PROBLEM TO SOLVE — With the pictures left out, retype exactly the lines below starting at the line that contains "受賞後の四重奏メンバー" and ending at the line that contains "7069 JADE GREEN / DUSTY GREEN".

EXERCISE MATERIAL —
++++++++++++++++++++
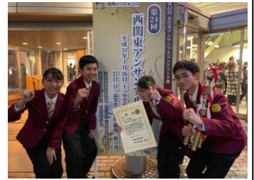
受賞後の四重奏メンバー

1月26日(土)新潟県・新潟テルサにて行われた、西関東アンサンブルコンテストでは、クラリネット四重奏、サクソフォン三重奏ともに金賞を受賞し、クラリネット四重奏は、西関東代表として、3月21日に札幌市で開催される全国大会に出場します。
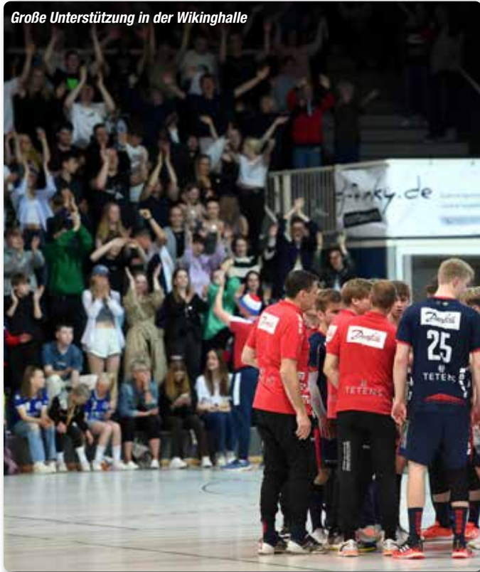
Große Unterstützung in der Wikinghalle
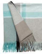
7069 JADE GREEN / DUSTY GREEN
++++++++++++++++++++
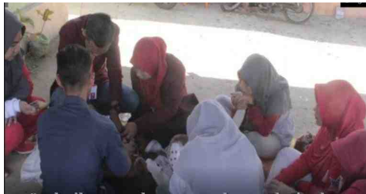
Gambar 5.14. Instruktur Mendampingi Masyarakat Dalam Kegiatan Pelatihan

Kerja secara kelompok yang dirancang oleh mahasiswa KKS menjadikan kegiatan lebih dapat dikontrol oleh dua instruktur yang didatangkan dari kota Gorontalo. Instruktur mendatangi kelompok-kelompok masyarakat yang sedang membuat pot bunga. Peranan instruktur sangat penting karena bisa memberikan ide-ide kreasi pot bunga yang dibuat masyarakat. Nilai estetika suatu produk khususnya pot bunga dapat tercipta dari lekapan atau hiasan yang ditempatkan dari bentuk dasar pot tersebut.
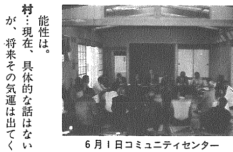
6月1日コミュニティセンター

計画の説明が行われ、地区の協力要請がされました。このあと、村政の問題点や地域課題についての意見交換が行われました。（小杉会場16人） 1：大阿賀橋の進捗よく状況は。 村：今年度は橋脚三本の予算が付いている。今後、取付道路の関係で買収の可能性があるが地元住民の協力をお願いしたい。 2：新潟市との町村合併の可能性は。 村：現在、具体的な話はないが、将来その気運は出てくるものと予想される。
++++++++++++++++++++
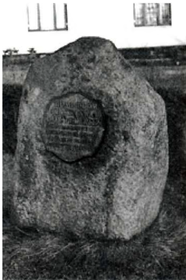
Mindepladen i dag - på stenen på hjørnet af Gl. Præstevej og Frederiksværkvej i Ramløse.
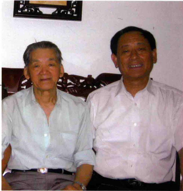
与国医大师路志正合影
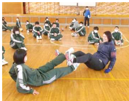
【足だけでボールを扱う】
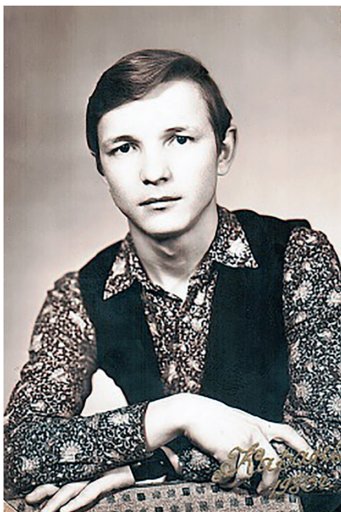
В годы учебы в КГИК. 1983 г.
++++++++++++++++++++
ANSWER FOR THIS EXERCISE —
受賞後の四重奏メンバー

1月26日(土)新潟県・新潟テルサにて行われた、西関東アンサンブルコンテストでは、クラリネット四重奏、サクソフォン三重奏ともに金賞を受賞し、クラリネット四重奏は、西関東代表として、3月21日に札幌市で開催される全国大会に出場します。
Große Unterstützung in der Wikinghalle
7069 JADE GREEN / DUSTY GREEN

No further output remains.